Противоплазменный экран полыхнул радужным сиянием, отражая и рассеивая энергию попаданий. Перед глазами вспыхнула координатная сетка, алой сыпью расползлись отметки врагов, генераторы загудели, наливаясь силой, и он вскинул прикрепленные к запястьям излучатели, стараясь накрыть прицельными секторами как можно больше целей. Шипящие молнии заметались над равниной, выжигая броню и плоть, разметывая атакующих облачками белого пара.... Алые столбики энергозапаса поползли вниз, и Джузеппе неожиданно для самого себя улыбнулся. "И кукушка не нужна", — подумал он. Снизил мощность, выцеливая теперь уже отдельных противников, отпрыгнул за глыбу оплавленной кремнестали, накрыл еще двоих, неосторожно оказавшихся рядом, сменил позицию...
Сейчас у него все получалось легко и непринужденно, словно он всю жизнь этим занимался. Атакующие попятились, отступая к стене тумана. Вслед им ударила еще одна змеистая молния. "А это кто? — подумал Джузеппе, — мой двойник, что ли?"
— Эй, союзнички, вы кто? — прозвучал голос Хрблички.
— Джузеппе, — откликнулся Матуччи. — Эй, Ян, передай привет Джоанне, и скажи, что она классная, но Судабе лучше.
— Сам и доложишь. Подтягивайся сюда, они теперь не сунутся, пока опять толпу не соберут.
Джузеппе скользнул в пролом. И хотя он уже видел, как обстоят дела, сердце у него болезненно защемило. Обгоревшие скафандры, изукрашенные шрамами касательных попаданий, мертвых с первого взгляда не отличить от живых, за поднятым забралом — синюшно-бледное лицо Мастерсона, он дышит тяжело, шумно, старается не смотреть на развороченную голень. И правильно, ничего хорошего там быть не может. Рядом с ним Джоанна, тоже с открытым шлемом, возится с аптечкой, в глазах — боль и безнадежность... Ян и Марта сидят, опираясь спинами друг о друга, между колен — винтовки, толстые бронированные шланги тянутся от прикладов в центральный бункер форта. Там, наверху — Судабе...
— У нас тут еще гости, — из-за бункера появился Пилипенко, рядом с ним двигался человек в облегающем скафандре, похожем на старое пыльного зеркало.
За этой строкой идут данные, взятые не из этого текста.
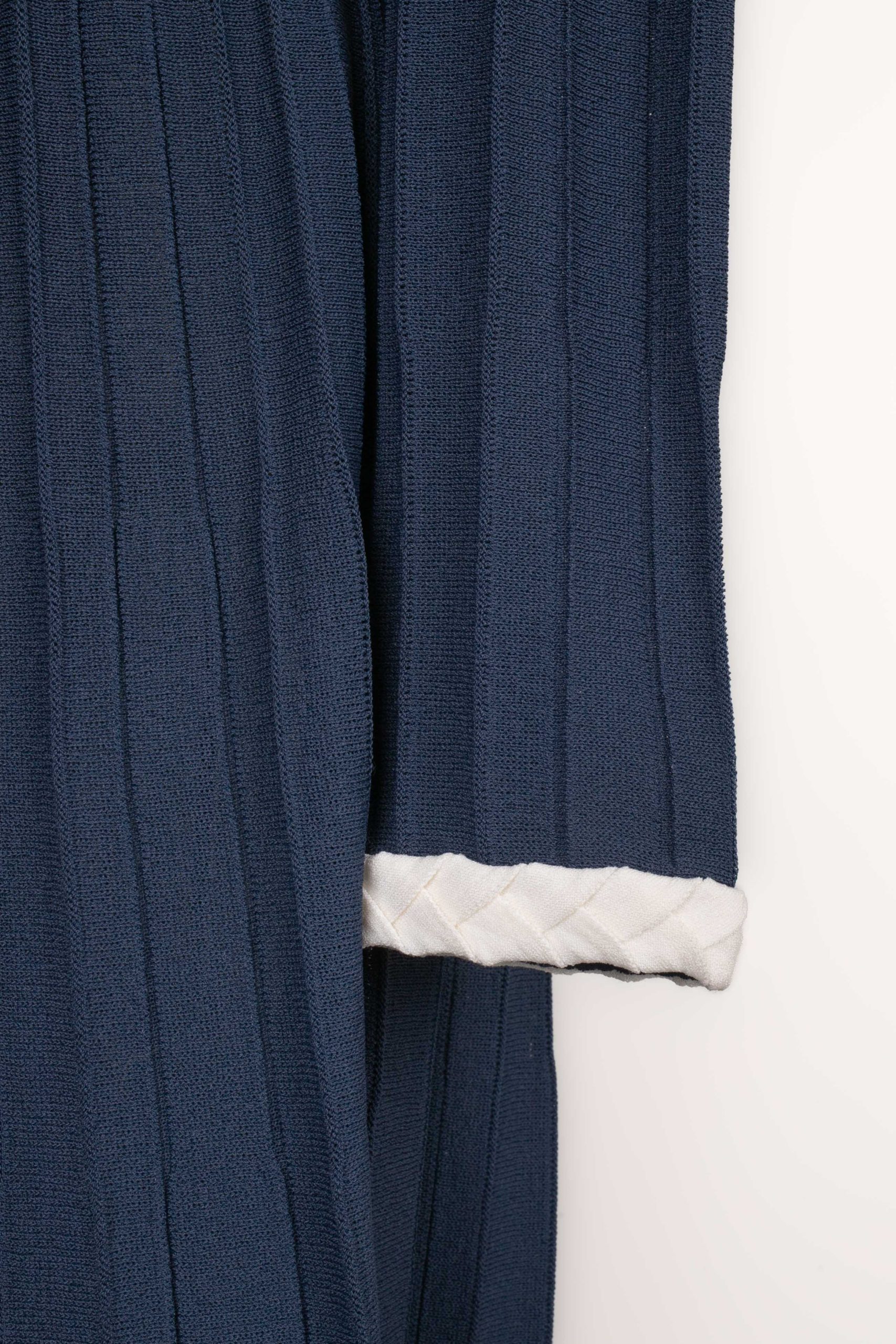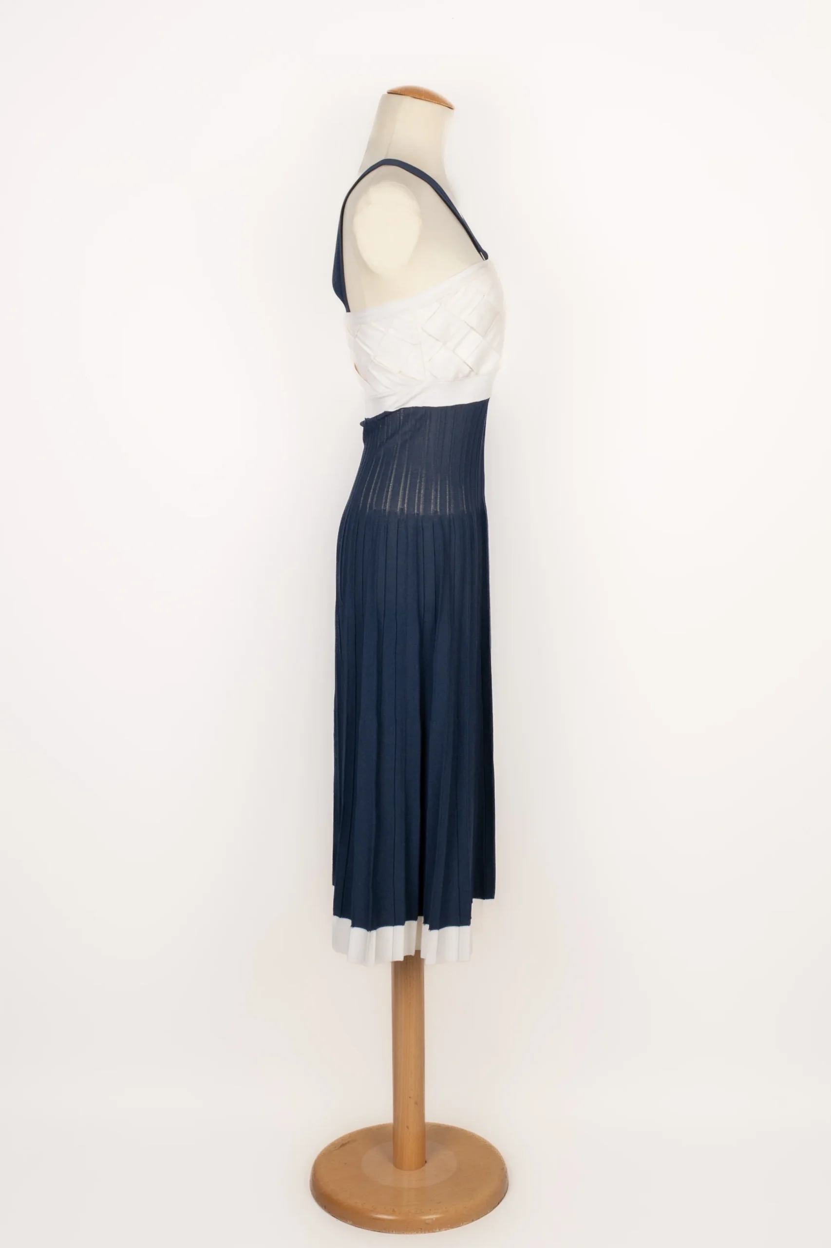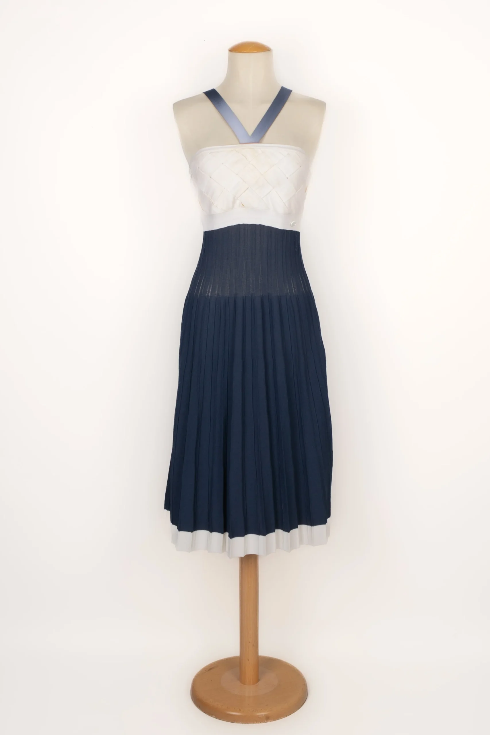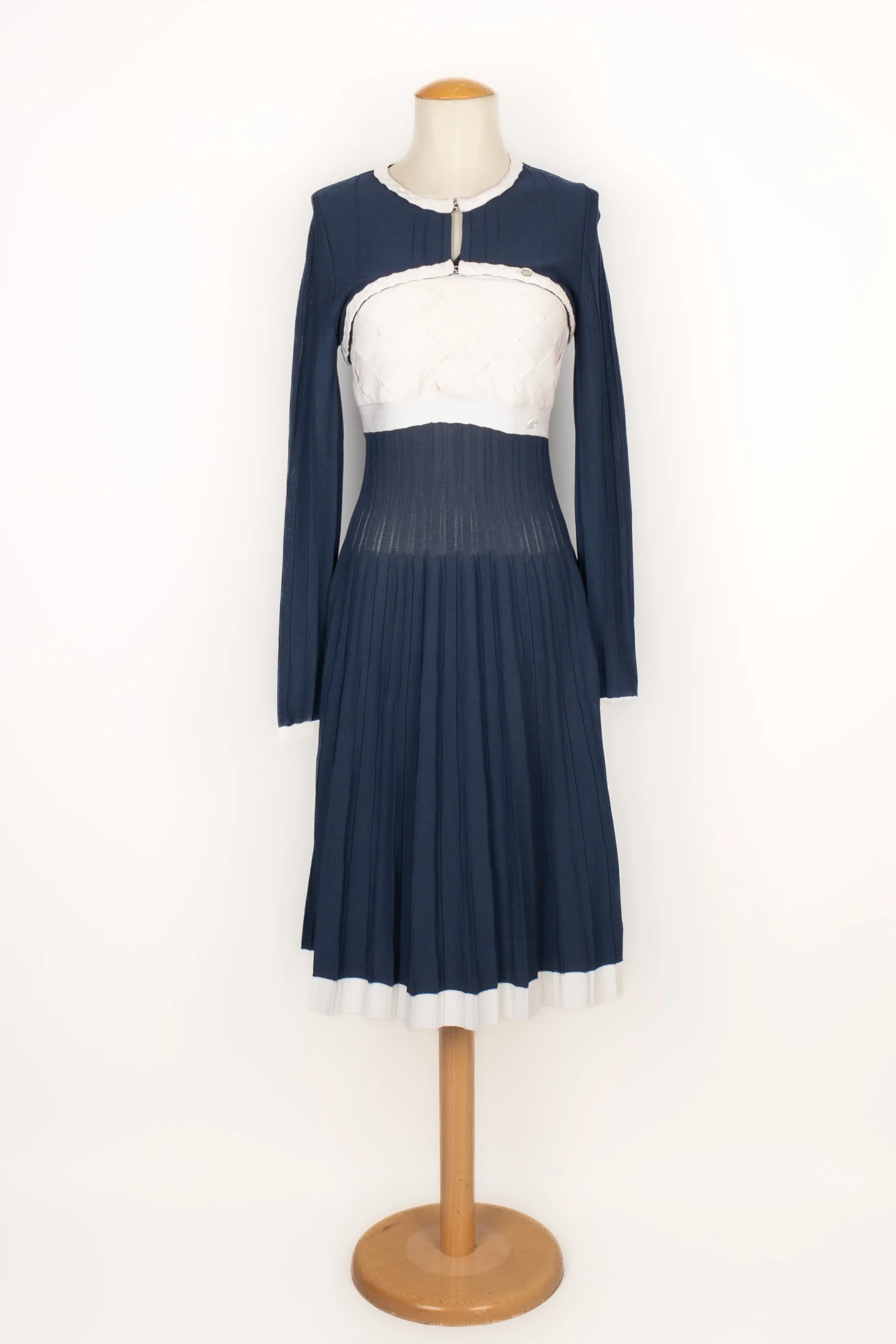 CHANEL -(Made in France) Ensemble robe mi-longue et top court bleu marine et blanc. Taille indiquée 40FR. Collection Croisière 2008.
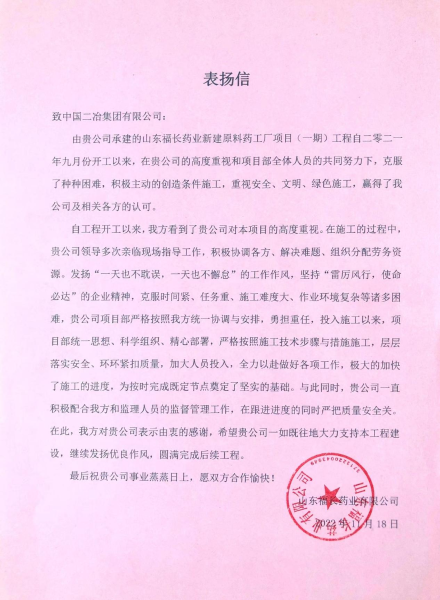 11月21日,山東福長藥業(yè)有限公司致中國二冶表揚信,對中國二冶山東分公司承建的山東福長藥業(yè)新建原料藥工廠(一期)項目不畏艱難、保證施工質(zhì)量表示認可,對中國二冶項目管理團隊的各項工作給予高度贊揚。
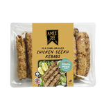 Amee Jee Chicken Seekh Kebabs are juicy, smoky, char-grilled chicken kebabs made with 80% seasoned chicken, fresh herbs, and aromatic spices. Prepared using a traditional South Asian recipe, these kebabs deliver rich flavour and a tender texture with an authentic grilled finish.
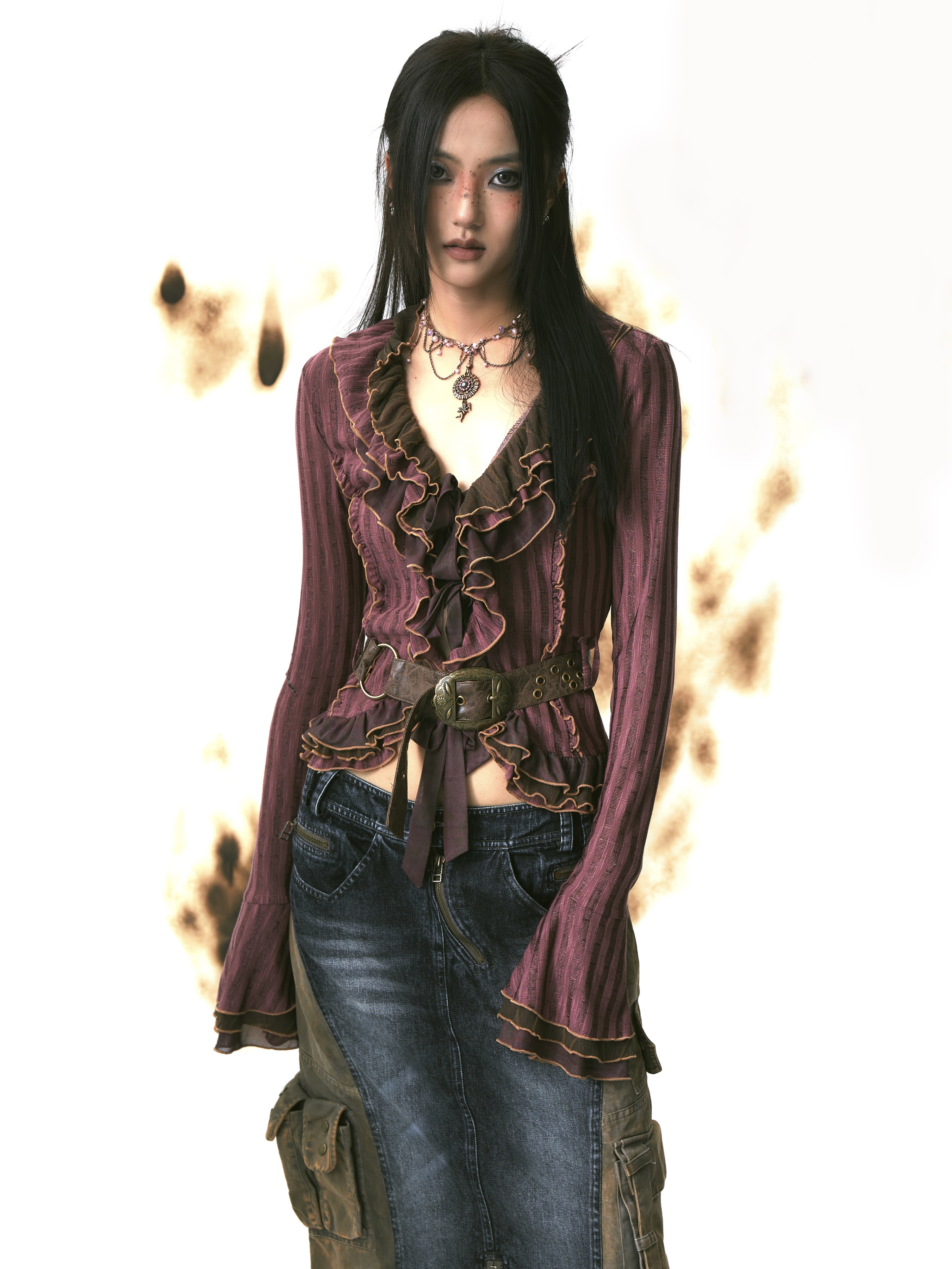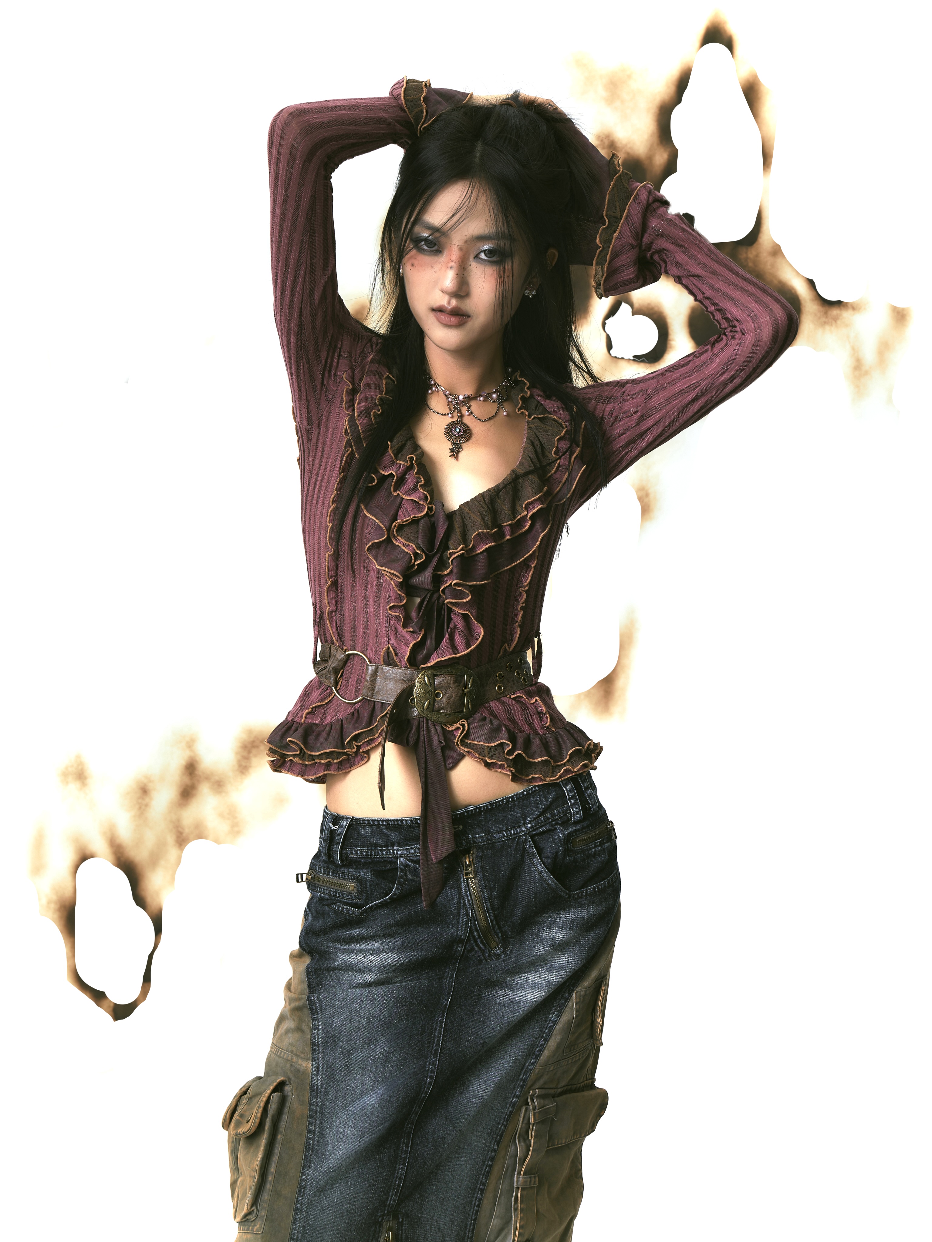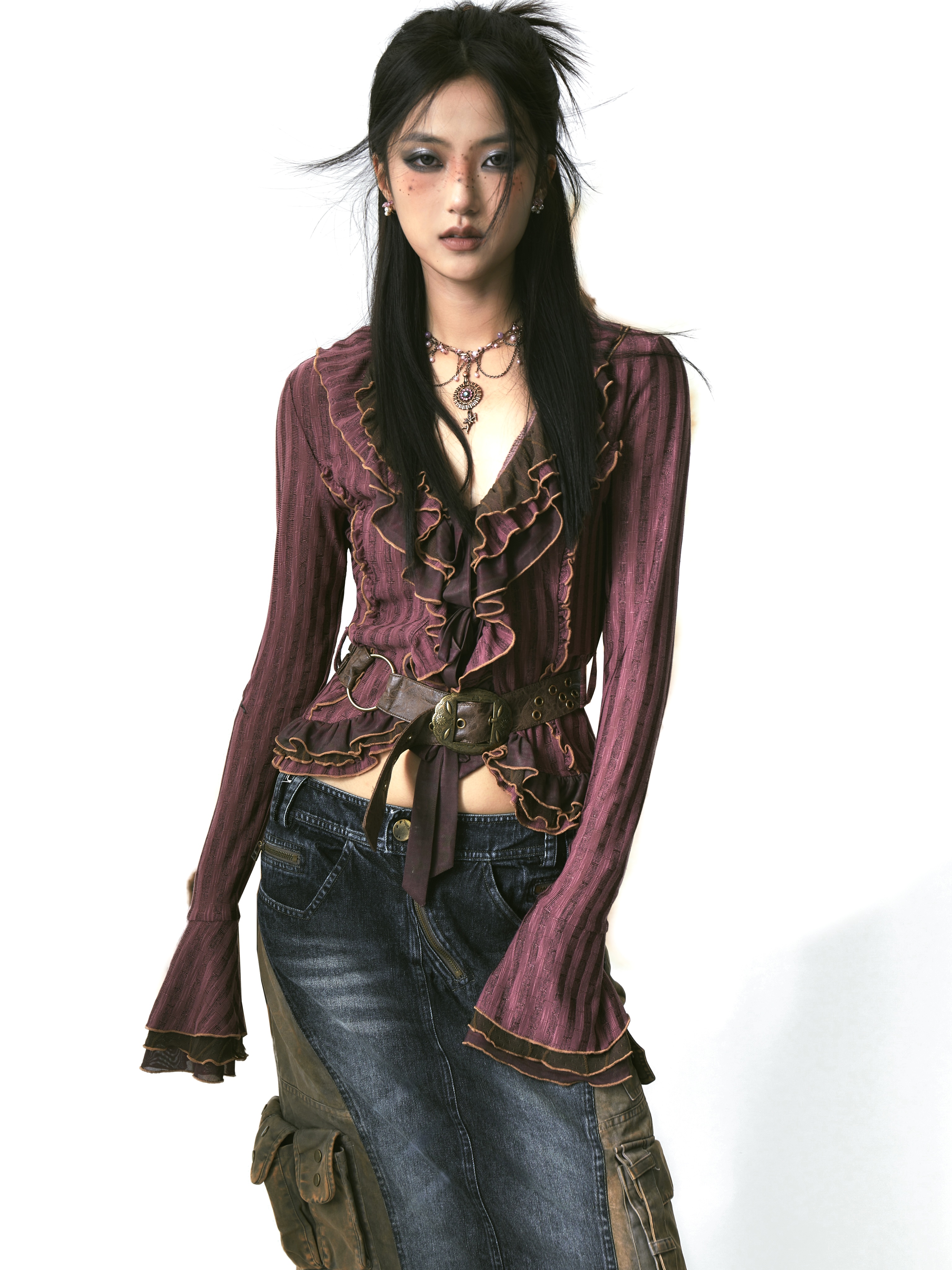 Mesh Splicing Knit Shirt with Belt

С запястий свисали массивные лапы излучателей, Джузеппе опустил глаза на свою грудь — ее обливало то же тусклое серебро.
— Гости? — шлем спутника Пилипенко протаял, словно морозное стекло от дыхания, открывая лицо Романа.
— Ага, значит хозяин этого бардака явился, — голос Яна звучал глухо, словно на его плечах лежала огромная тяжесть. Впрочем, так оно и было. — Что дома-то не сидится?
— Здесь я везде дома, — криво усмехнулся Роман.
— Ну, садись, коли пришел. Вы с Джузеппе их здорово шуганули. Партнерские штучки?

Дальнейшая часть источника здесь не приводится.